EXERCISE DATA: Begin

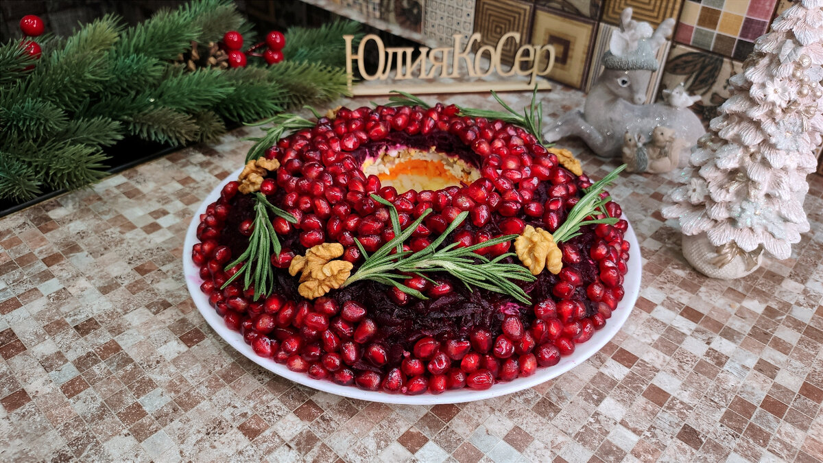 В этом видео я с Вами поделюсь рецептом вкусного салата на новогодний стол Гранатовый браслет, это довольно популярный салат о котором многие знают и любят, я поделюсь своим вариантом. Нам понадобится:
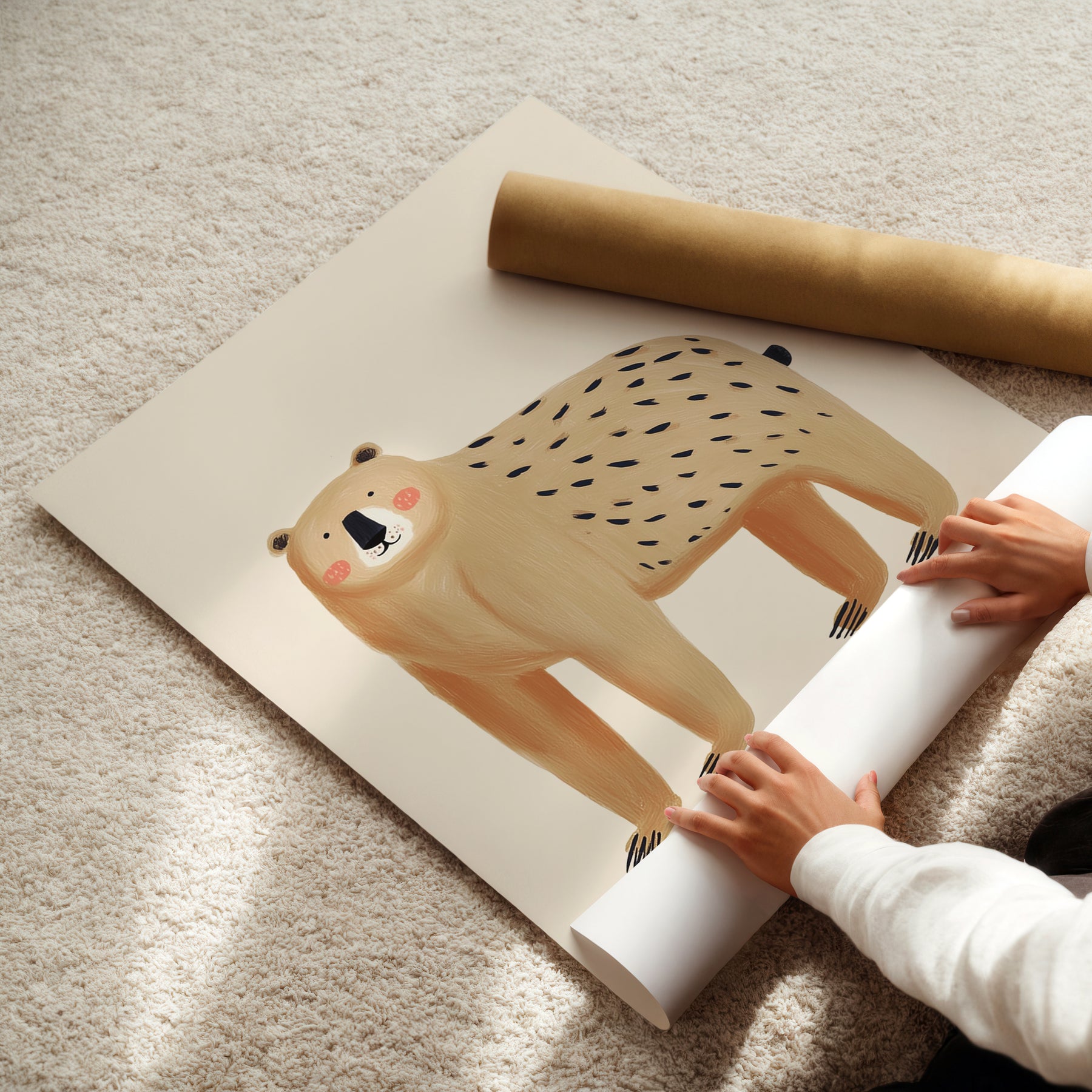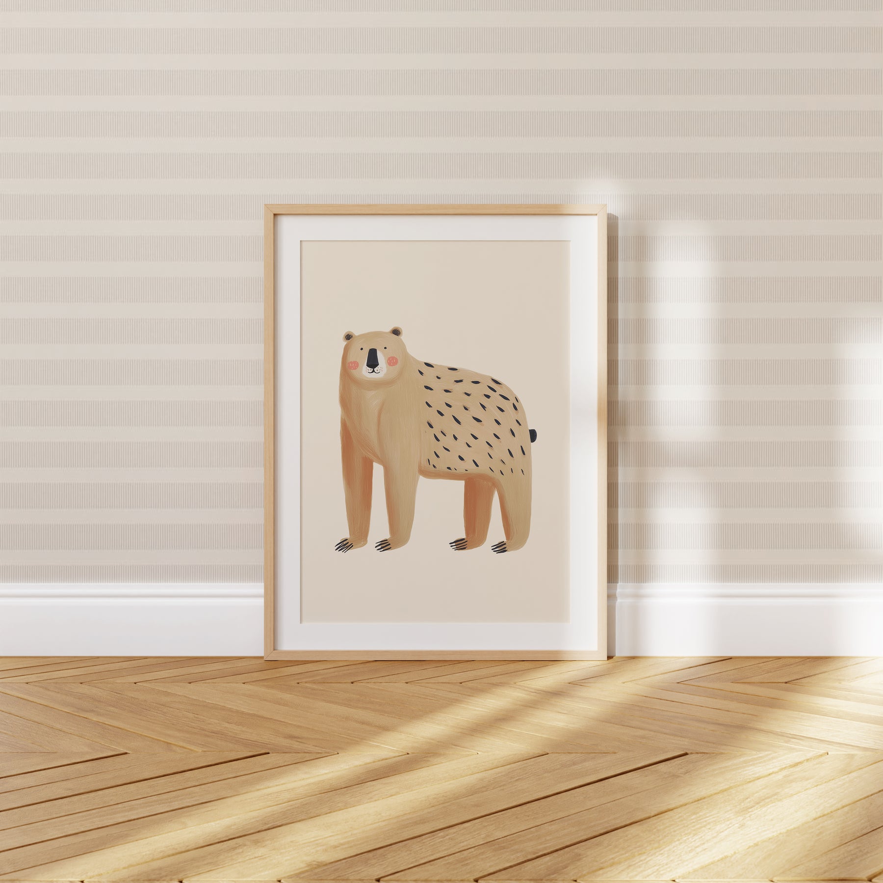 A sweet honey-colored bear with rosy cheeks and textured brushstroke patterns gazes peacefully from a clean cream background, creating a minimalist yet charming nursery focal point. The bear's gentle expression and hand-illustrated details including delicate dash patterns on its back bring warmth and personality to this simple composition. This understated design works beautifully in Scandinavian, modern, or nature-inspired nurseries. What Makes This Gentle Bear Special: • Hand-illustrated with subtle textured brushstrokes and minimal composition • Warm honey and cream palette perfect for neutral, calming nurseries • Gender-neutral woodland design ideal for Scandinavian or minimalist spaces • Pairs beautifully with other simple animal portraits and nature themes
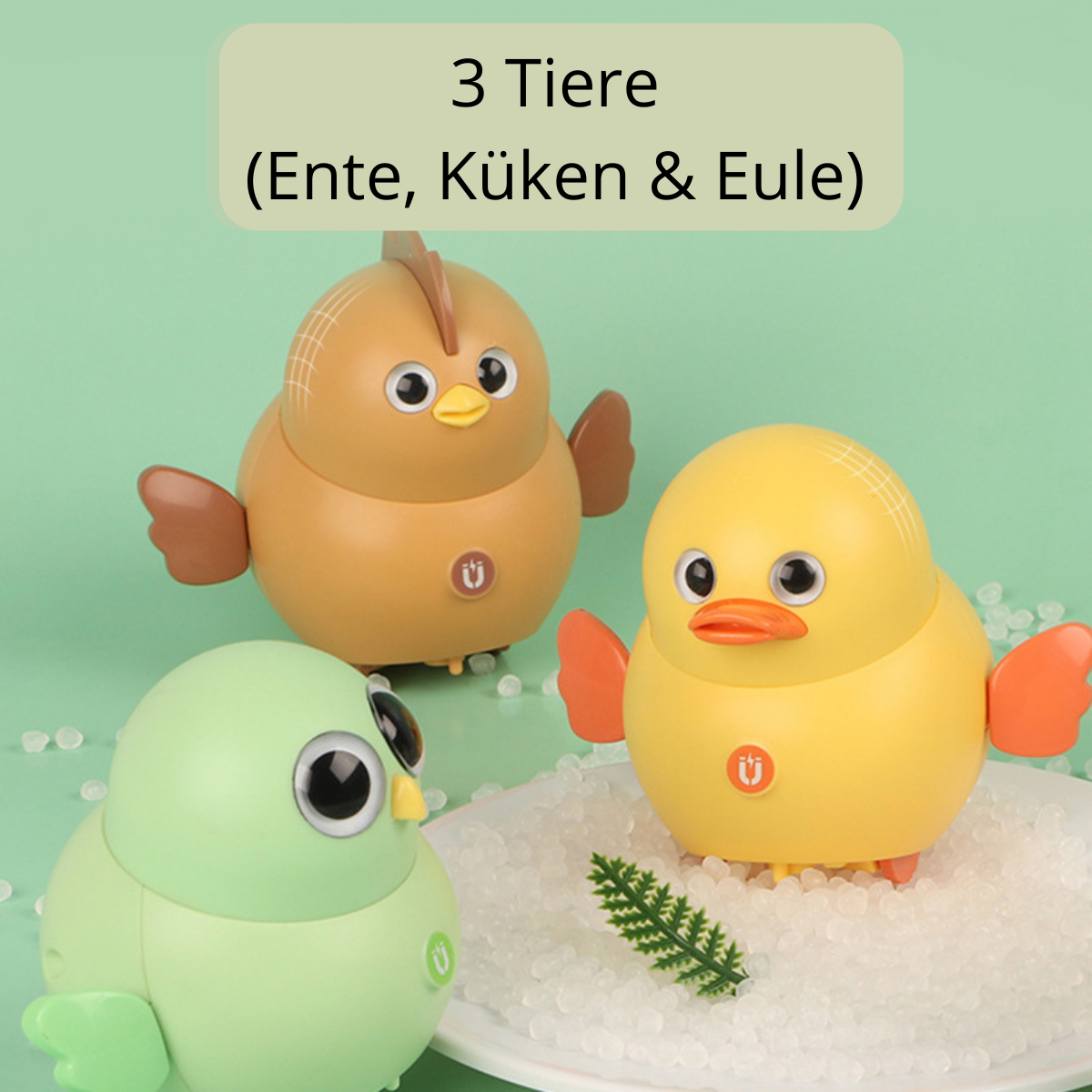 Mit den interaktiven Vögeln können Kinder ihre Feinmotorik und Hand-Auge-Koordination auf eine unterhaltsame Weise entwickeln. Das Spielzeug ist so konzipiert, dass es die Kinder zu wiederholtem Drehen und Greifen anregt, was die motorischen Fähigkeiten auf einfache und natürliche Weise fördert.
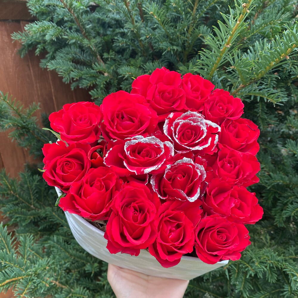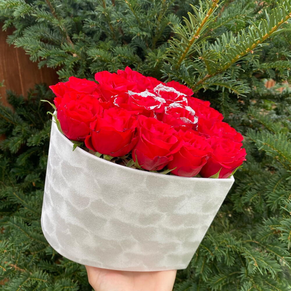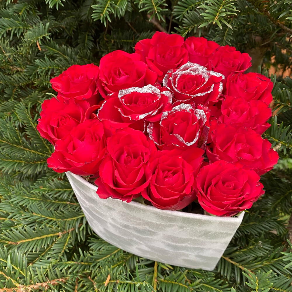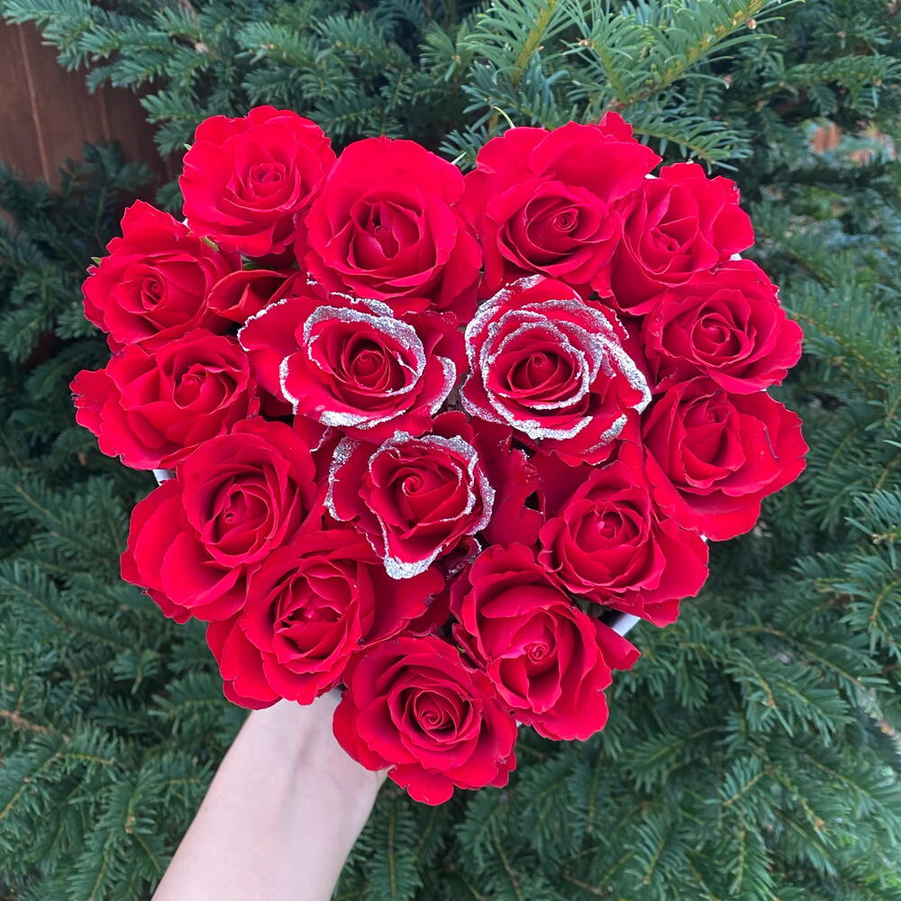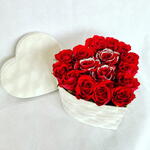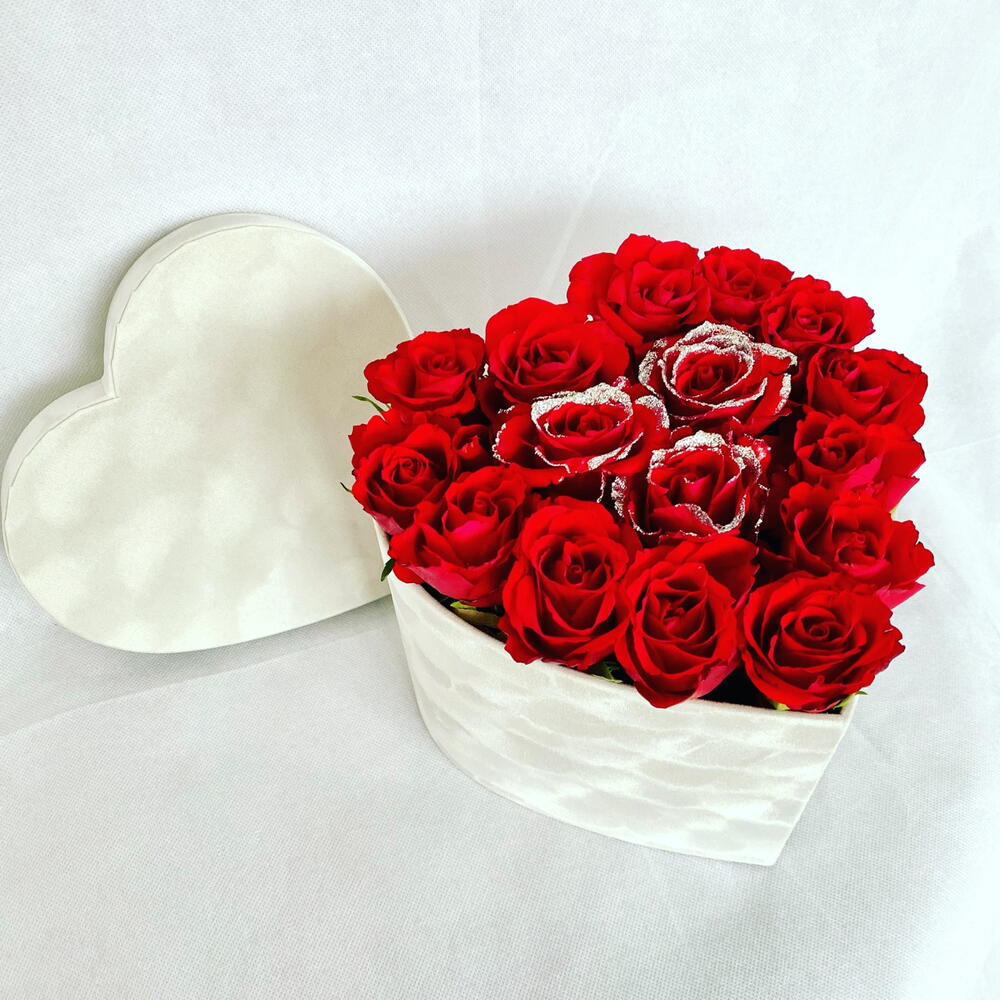 16 fresh red roses white white glitter in white velvet box

EXERCISE DATA: End

* [INSTRUCTIONS TO FOLLOW] Line by line, write out the material above exactly, with no images.

* [TASK SOLUTION]
 В этом видео я с Вами поделюсь рецептом вкусного салата на новогодний стол Гранатовый браслет, это довольно популярный салат о котором многие знают и любят, я поделюсь своим вариантом. Нам понадобится:
 A sweet honey-colored bear with rosy cheeks and textured brushstroke patterns gazes peacefully from a clean cream background, creating a minimalist yet charming nursery focal point. The bear's gentle expression and hand-illustrated details including delicate dash patterns on its back bring warmth and personality to this simple composition. This understated design works beautifully in Scandinavian, modern, or nature-inspired nurseries. What Makes This Gentle Bear Special: • Hand-illustrated with subtle textured brushstrokes and minimal composition • Warm honey and cream palette perfect for neutral, calming nurseries • Gender-neutral woodland design ideal for Scandinavian or minimalist spaces • Pairs beautifully with other simple animal portraits and nature themes
 Mit den interaktiven Vögeln können Kinder ihre Feinmotorik und Hand-Auge-Koordination auf eine unterhaltsame Weise entwickeln. Das Spielzeug ist so konzipiert, dass es die Kinder zu wiederholtem Drehen und Greifen anregt, was die motorischen Fähigkeiten auf einfache und natürliche Weise fördert.
 16 fresh red roses white white glitter in white velvet box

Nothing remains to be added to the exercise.